When we arrived in Baltimore, my father looked around for something to do and decided he wanted to return to the land and become a chicken farmer. He was forty-six years old.
We moved to our new farm on April 1, 1941. It was located northwest of the city, off of Liberty Road, beyond Deer Park Road. There was a wood frame house, and we also had a stable and a large group of chicken houses, which were what had attracted Vati to the farm. Soon, we acquired a horse, a cow named Mookie, and about 3,000 chickens. My father used the horse to plow, and we raised corn and tomatoes, cabbage and lettuce, and all sorts of other vegetables. Most of our property consisted of arable land and meadows, which provided enough feed for the horse and the cow during the summer.

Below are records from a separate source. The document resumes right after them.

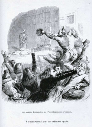 The large crowd that attended the premiere was full of conservatives and censors who booed the show for disobeying the classical norms and who wanted to stop the performance from going forward. But Hugo organized a Romantic Army of bohemian and radical writers to ensure that the opening would have to go ahead. The resulting riot represented the rejection in France of the classical traditions and the triumph of Romanticism.Hugo’s Romantic army of writers and artists attacked Classicist positions and called for “Down with theories and systems! Let us tear away the old lath-and-plaster hiding the face of art! There are neither rules nor models; or, rather, no rules but the general laws of Nature!”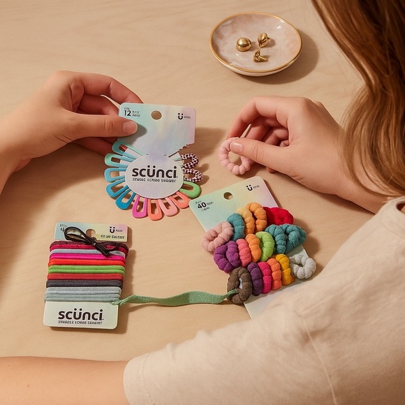 Scünci Hair Accessory Bundle - Snap Clips, Ponytail Holders & No-Damage Elastics (NWT)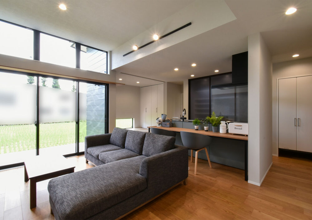 開放感あふれるリビングは、大きな窓から光がたっぷり入り、外とのつながりを感じられる明るい空間。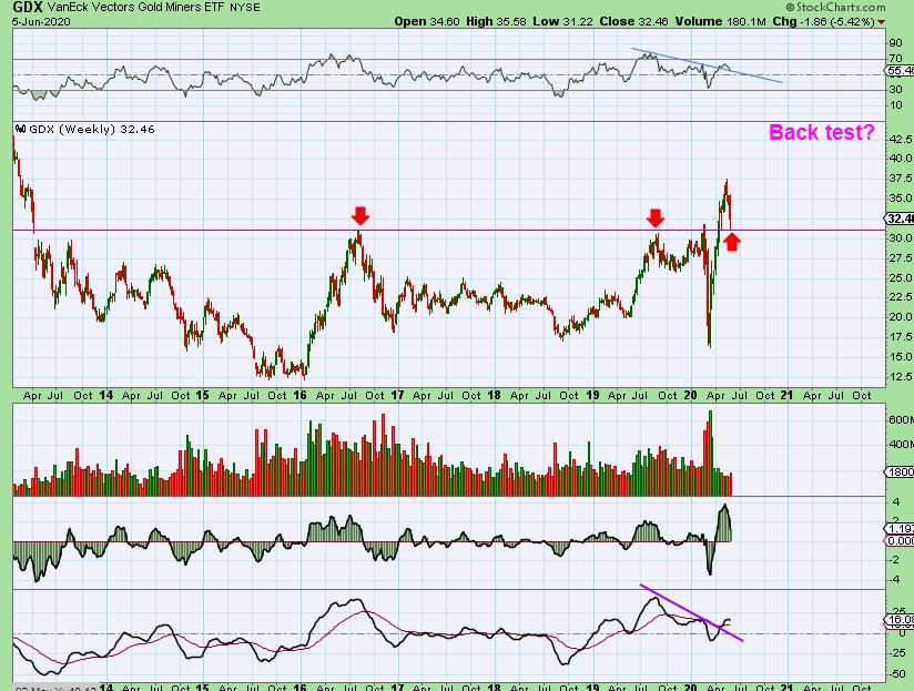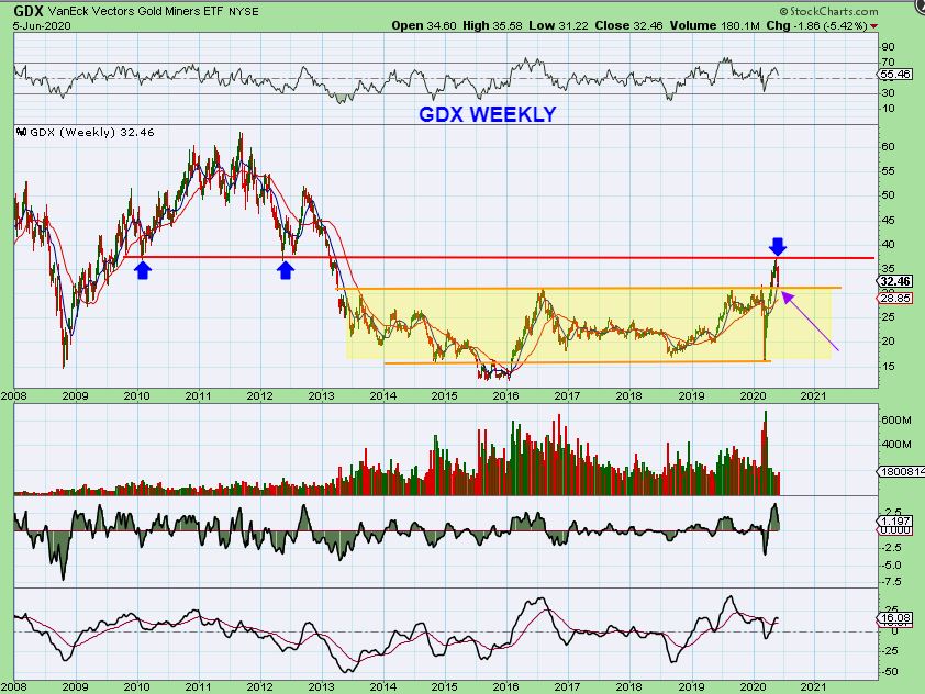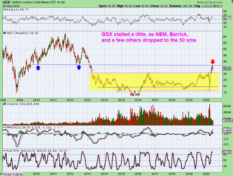 GDX WEEKLY MAY 29 On this chart Last weekend we tagged a resistance area  and started to drop.  It looked like we would back test that yellow base area.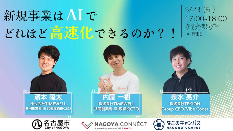 株式会社TIMEWELL(本社:神奈川県横浜市、代表取締役:濱本隆太、以下「TIMEWELL」)はNAGOYA CONNÉCTの1コマとして「新規事業はAIでどれほど高速化できるのか?!」を開催することをお知らせします。当日は弊社代表取締役CEO濱本とCTO内藤も登壇予定です。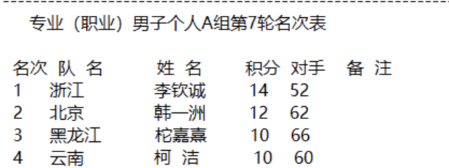 职业男子个人分为A、B两个小组,采用积分编排制,共记7轮比拼,取两组前4名进入决胜局比拼,各小组第一争夺第一、二名,各小组第二争夺第三、四名,各小组第三争夺第五、六名,各小组第四争夺第七、八名。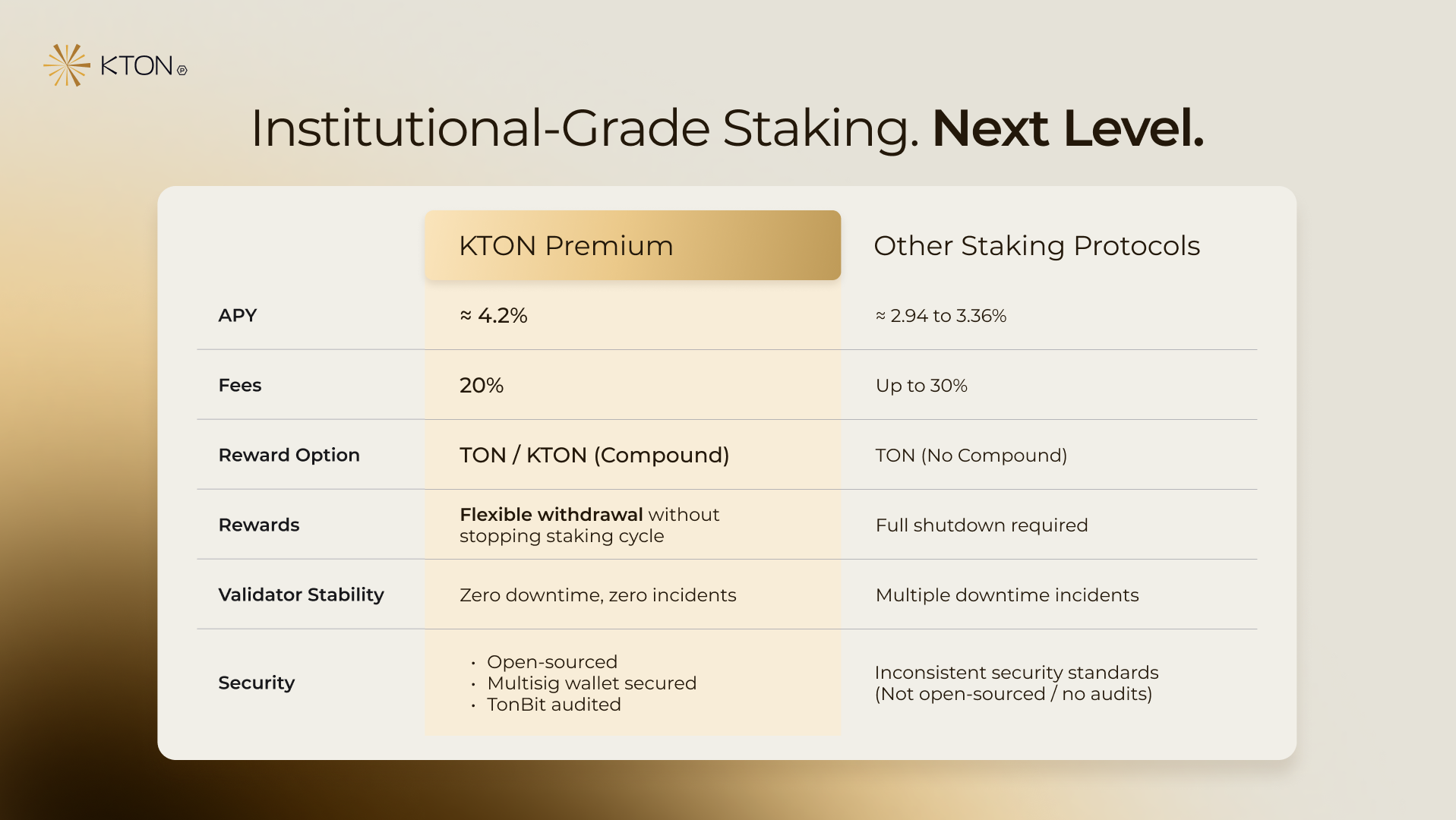 Unlike multi-chain validators, KTON is dedicated solely to TON staking infrastructure and has operated as a core validator since 2021. Leveraging our extensive validator expertise, we present KTON Premium, a tailored solution designed to meet institutional needs and overcome existing challenges.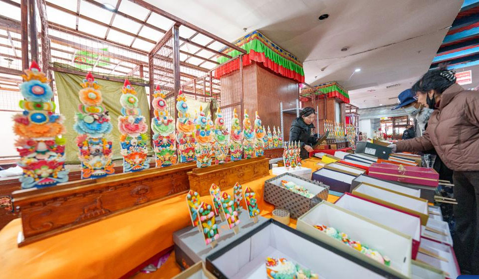 People shop for butter sculptures at a stall in a local market in Lhasa, southwest China's Xizang Autonomous Region, Feb. 12, 2026. Butter sculptures in vivid shapes of trees, flowers, birds, stars, etc., are gradually gaining popularity in the markets across the city ahead of the Tibetan New Year.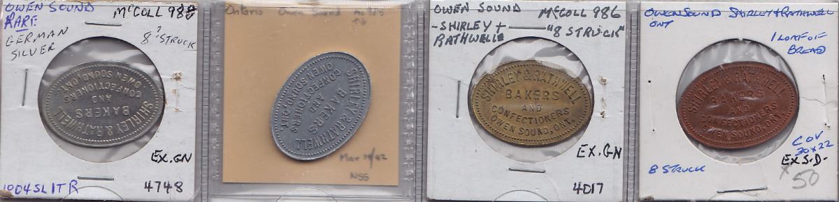 Includes: Mc 985 Shirley & Rathwell Rev: 1 loaf; Mc 986 8 struck as previous; Mc 987 8 struck as previous; Mc 988 8 struck as previous. EF. 4 Pcs.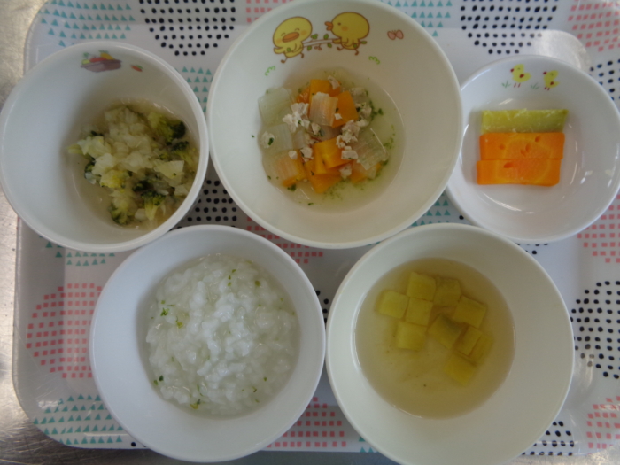 離乳食(後期)は、青のり入り粥、鶏肉と野菜のコンソメ煮、キャベツの和え物、さつま芋の味噌汁、人参・さつま芋スティックです。

The spring and summer of 1941 were difficult. Vati’s brother Max and his wife Lucy, together with their children Rudy and Inge, had arrived safely in Baltimore shortly after we had the year before, but the rest of the family remained in Germany. So while Vati labored to get the farm going, he also expended enormous amounts of time and energy arranging for his sister, Fanny, and brother-in-law, Bernhard, and his parents to come to the United States. It was clear that his heart was in two places. Martin worked equally frantically, and I still have reams of correspondence between him and my father and various refugee organizations and the U.S. State Department, which shows just how close we were to saving our relatives. In fact, they had reservations on the SS Excalibur, scheduled to sail for New York on November 7 (my birthday). But soon after we received the happy confirmation of their arrival date their luck seemed to turn, and the mail brought one piece of bad news after another.